With these latter I am obviously not concerned in this place. Nor, for the moment, am I interested
in the purely chemical aspect of the subject, however valid such an interpretation may be. My principal
concern at the moment, when Analytical Psychology and psychological methods daily prove more
absorbing, is to divine whether or not there is anything concealed within these obscurities which related
to man, revealing methods of perfecting or integrating his consciousness. I believe that they do, and
therefore I propose an examination of a text or two to see in what way our present views may not be
enlarged.
A cursory glance at certain sections of the alchemical literature reveals the fact that the art relates
to what anciently was known as Theurgy - the divine work. Its object was to afford by technical
methods of meditation, reflection, magical practices and forms of interior prayer, a more rapid mode of
spiritual development and an acceleration of intellectual evolution.

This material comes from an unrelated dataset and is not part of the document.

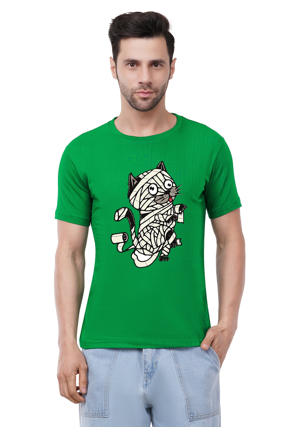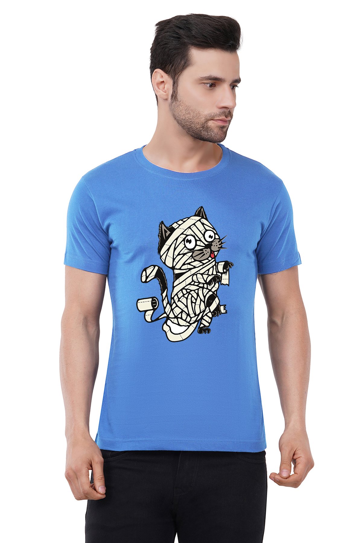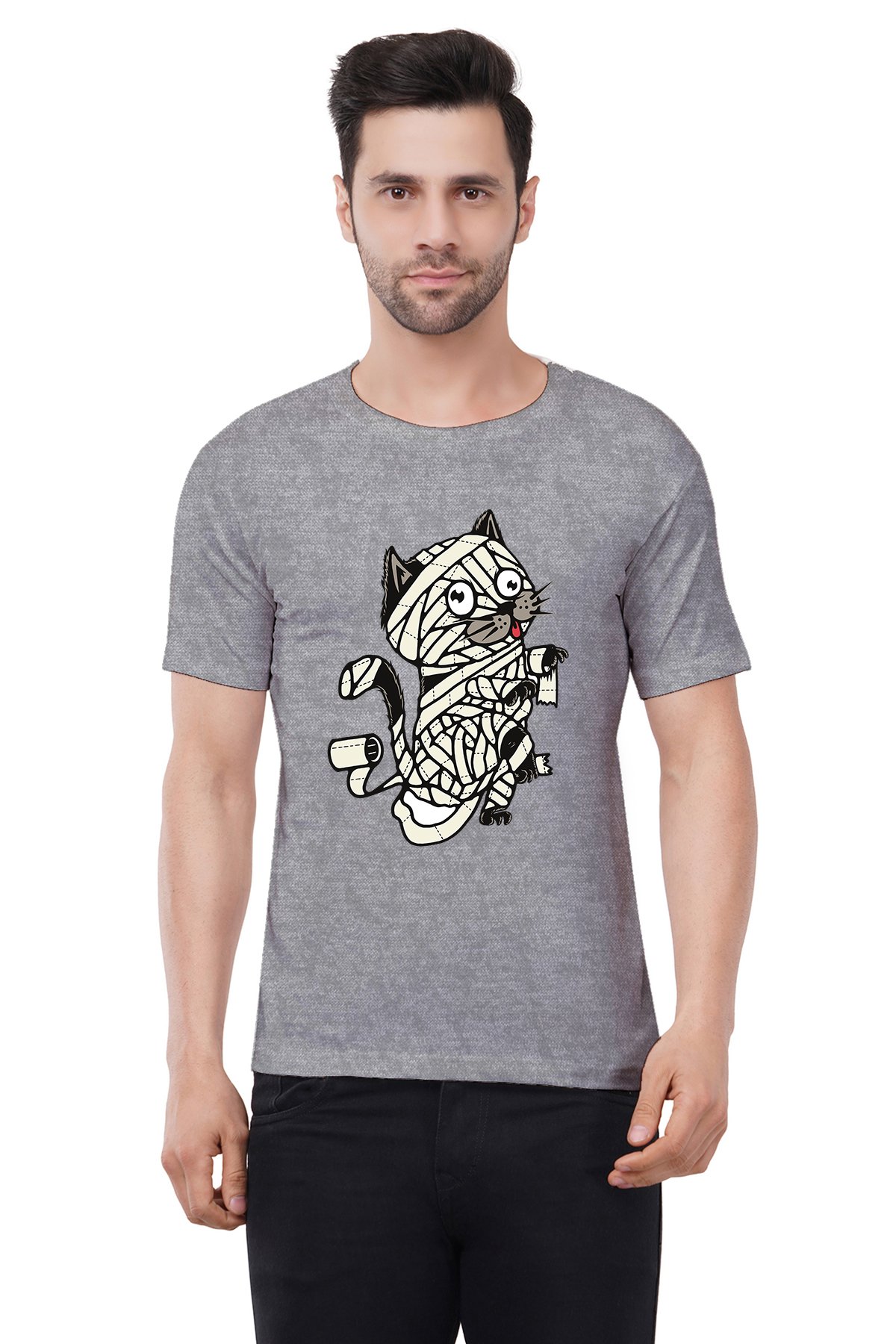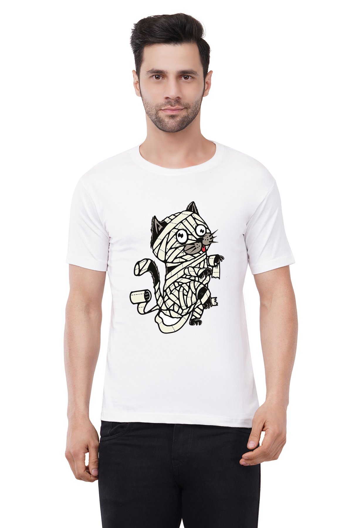Caseria Men's Cotton Graphic Printed Half Sleeve T-Shirt - Cat Mummy

The alchemical and magical theories roughly amount to this: In the course of long aeons of time,
Nature has gradually evolved a complex mechanism of reaction which we call Man. Marvellous as this
organism is in many ways, yet it manifests several defects. A stream cannot rise higher than its source.
And without entering into the complicated and at first sight rather bewildering realm of alchemical
cosmological theories, it is held that Nature has fallen from a certain divine state - from grace as it were.
It may be said that man’s consciousness has relegated to a sub-ordinate place the once proud and divine
universal spirit. An efficient and useful servant, it has usurped the place of its lord and master.
Because of this condition of things, it is held that by herself and unassisted Nature cannot regain
her former glorified condition of equilibrium. The alchemists referred to all things within the natural
realm - especially the unawakened and unenlightened man, torn perpetually by internal conflict. For
man to attain something other than an intolerable state of conflict with the misery and suffering and
uncertainty resulting therefrom, some other and higher means than are found in the natural state are
required to transcend his constant companions of fear, inferiority, and insecurity. The alchemists assert
that everything within the circle of limited and fallen Nature can only beget its kind. Hence man’s own
natural efforts in an intellectual direction cannot elevate him beyond his natural state and can only beget
a similar kind of unregenerate, unillumined condition. Thus the continual failure of philosophy, politics
and sectarian religion.
But there is the aphorism “Art perfects what Nature began”. And, as another Alchemist has
affirmed, “Our gold is produced by art, adding nothing, detracting nothing, but only eliminating
superfluities.” In other words, the alchemical assertion is that in man is latent an element of Wisdom
which, so long as the natural state of conflict and ignorance exists, remains dormant and in obscuration.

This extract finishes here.